Asoha is a village in Purwa tehsil of Unnao district, Uttar Pradesh, India. It is located about 16 km north of Purwa, the tehsil headquarters, and 51 km east of Unnao, the district headquarters. The main crops grown here are wheat, barley, gram, juwar, paddy, and pulses, and irrigation is provided by a canal as well as by tanks. The soil here is mostly clay. As of 2011, the population of Asoha is 3,709, in 856 households.

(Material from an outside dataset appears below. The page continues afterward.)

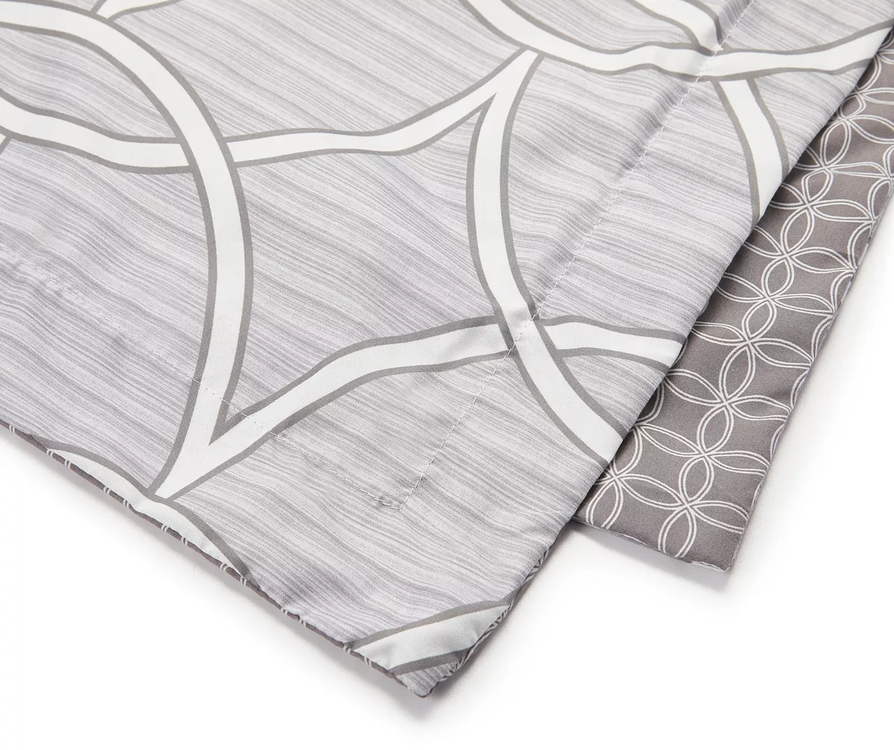 - Gray geometric pattern on reversible comforter

Asoha is the headquarters of a community development block, which was first inaugurated on 1 July 1956 in order to oversee implementation of India's Five-Year Plans at a local and rural level. As of 2011, the block comprises 122 rural villages (including Asoha itself), with a total population of 153,798 people in 30,885 households. Asoha is also the headquarters of a nyaya panchayat.

== History ==
According to C.A. Elliott, the name "Asoha" is derived from that of Ashwatthama, the figure in the Mahabharata, who is said to have rested here for a time after the murder of Draupadi's children. Asoha was historically the seat of a pargana, which is first attested during the reign of the Mughal emperor Akbar in the late 16th century. At the turn of the 20th century, Asoha had five temples, a police station, a cattle pound, and a primary school, as well as "unusually extensive" groves of mango and mahua trees.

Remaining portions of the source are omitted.